You can check the degree and direction of polarization of your
microscope laser source by placing film polarizer (polaroid film) direction on
the stage and rotating it. Remove the objective for this measurement and set
the microscope to do a point scan in the middle of the scan field. If when you
rotate the film with its reference direction initially pointing North-South to
East-West and the laser light coming through disappears, then you can be sure
that your laser beam is strongly polarized in the NS direction (and therefore
photoselection would occur in the top-bottom direction of your image if the dye
has a dipole that orients perpendicular to the membrane, something like DPH or
Laurdan. For DiI or DiO, it would be the opposite - left and right side would
preferentially light up - since the transition dipoles for this dye tend to
align parallel to the membrane).
Joe's suggestion of inserting a quarter-wave plate into the excitation
beam and turning it 45 degrees relative to the laser beam polarization
direction should get rid of this problem since by doing so you circularize the
polarization of the laser beam, thus equally exciting all directions that are
perpendicular to the laser beam direction of travel (ie: anywhere in the xy
plane).
This posting by Lily brings up the point that this effect is present
all the time in all confocal microscopes - at least the ones that use laser
sources (which are usually strongly polarized) and polarization-maintaining
optical fibers to deliver the laser beams into the scan head.
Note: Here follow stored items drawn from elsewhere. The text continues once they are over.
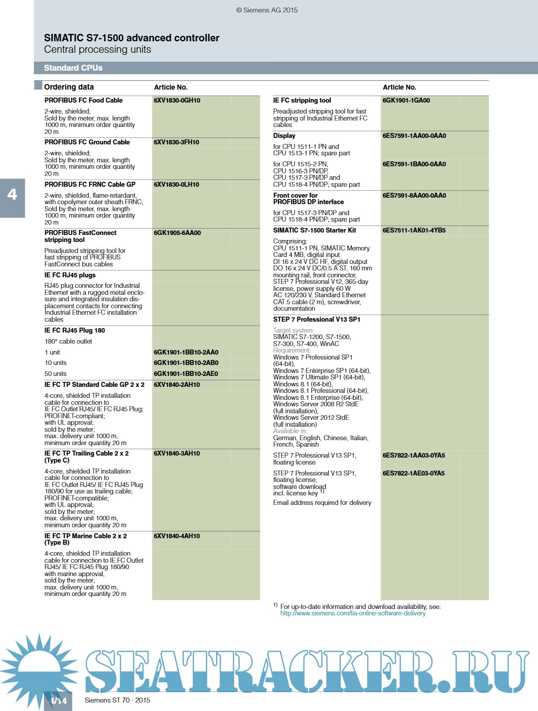 SIMATIC Products for Totally Integrated Automation - Catalog ST 70
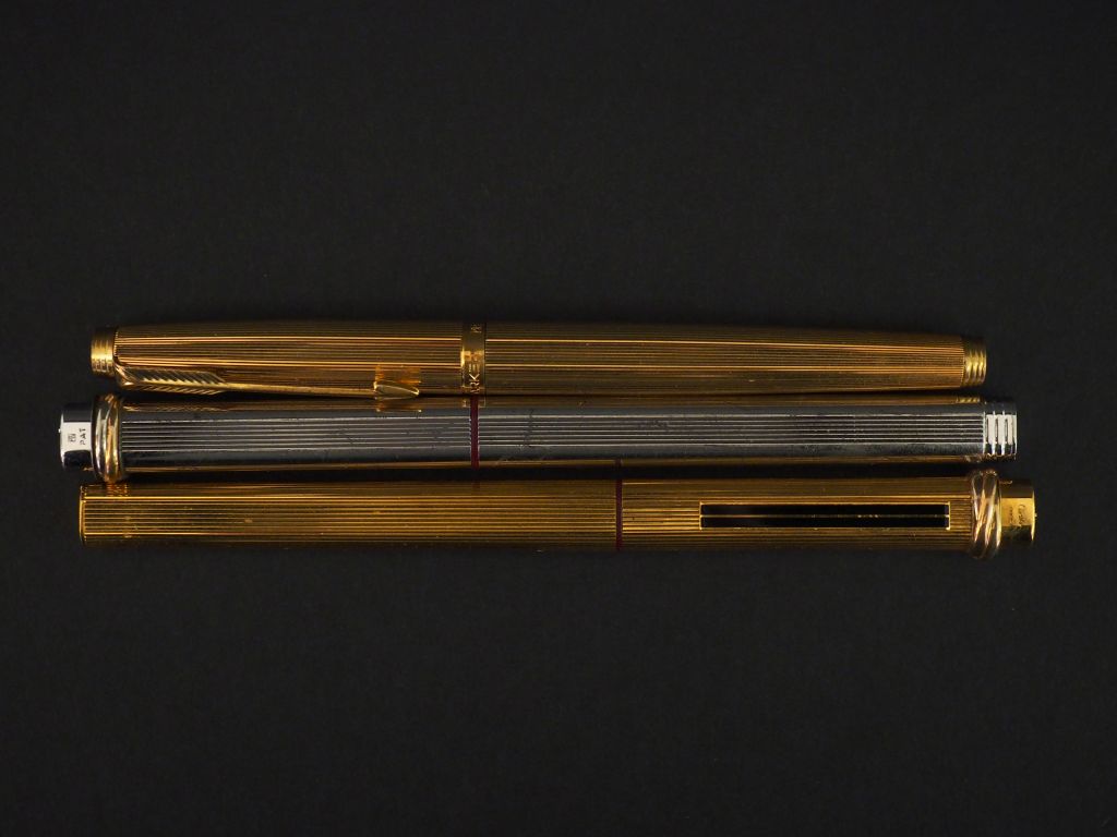 CARTIER Ensemble comprenant deux stylos plume, à décor de cannelures. L'un en plaqué or. Signés. On y joint un stylo plume PARKER en métal doré ou plaqué or. Plume en or jaune 14k. Signé. (accidenté)
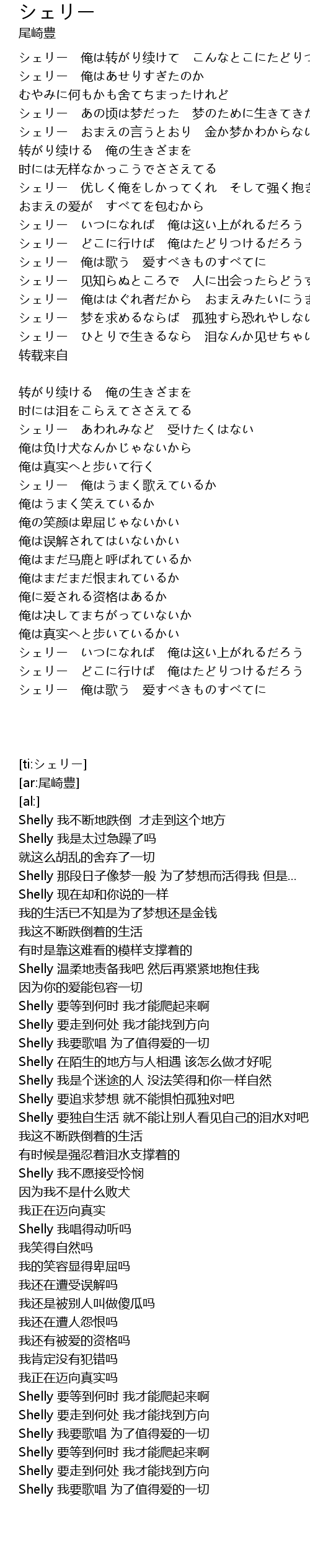 | シェリー あの顷は梦だった 梦のために生きてきた俺だけど | |
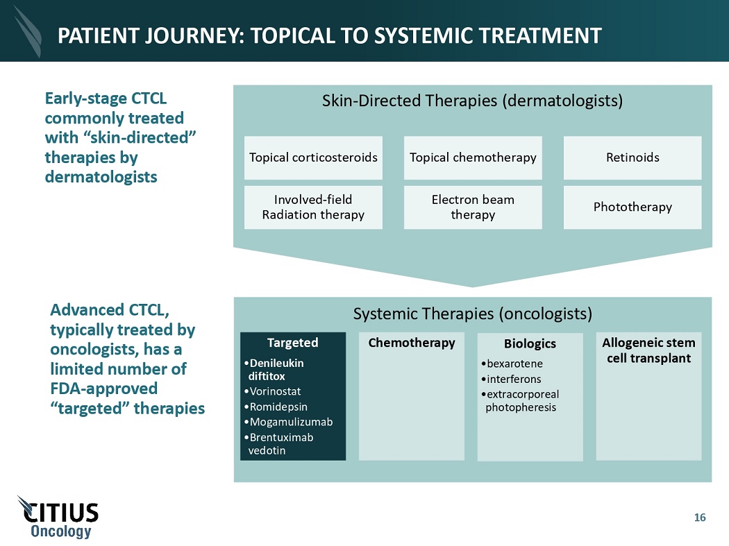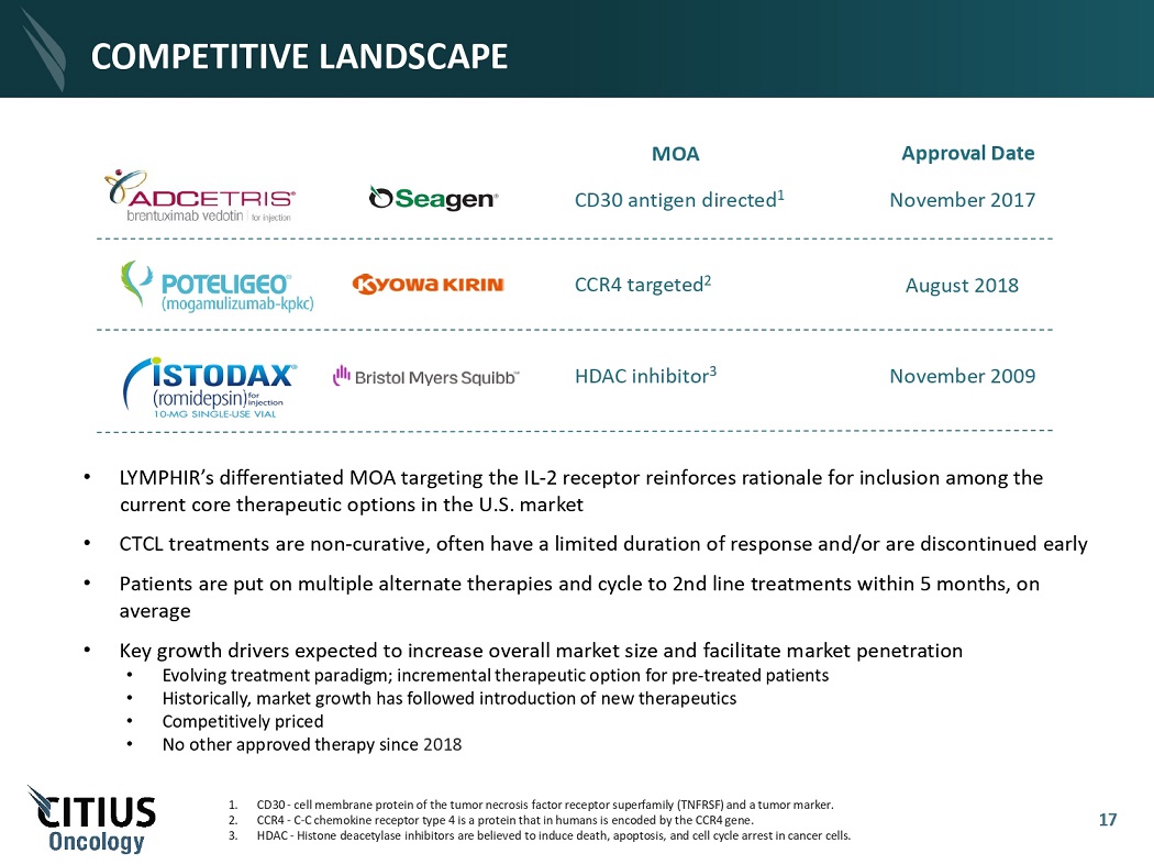 PATIENT JOURNEY: TOPICAL TO SYSTEMIC TREATMENT Systemic Therapies (oncologists) Targeted • De n il e uk i n diftitox • Vorinostat • Romidepsin • Mogamulizumab • B r e n tu x imab vedotin Chemotherapy Biologics • bexarotene • interferons • e x t r a c or p o r eal photopheresis Allogeneic stem cell transplant Advanced CTCL, typically treated by oncologists, has a limited number of FDA - approved “targeted” therapies Skin - Directed Therapies (dermatologists) 16 Topical corticosteroids Topical chemotherapy Retinoids Phototherapy Involved - field Radiation therapy E l e c t r on b ea m therapy Early - stage CTCL commonly treated with “skin - directed” therapies by dermatologists

If your probes
are oriented in your sample, you might unintentionally be selecting parts of
your sample to light up by fluorescence.
John Oreopoulos, BSc,
PhD Candidate
Institute For Biomaterials and Biomedical Engineering
Centre For Studies in Molecular Imaging
Tel: W:416-946-5022
On 2-Oct-08, at 5:14 PM, Goodhouse, Joseph G. wrote:
We
see they same thing in dye labeled lipid vesicles. It has to
do with the dipole orientation with respect to the laser polarization.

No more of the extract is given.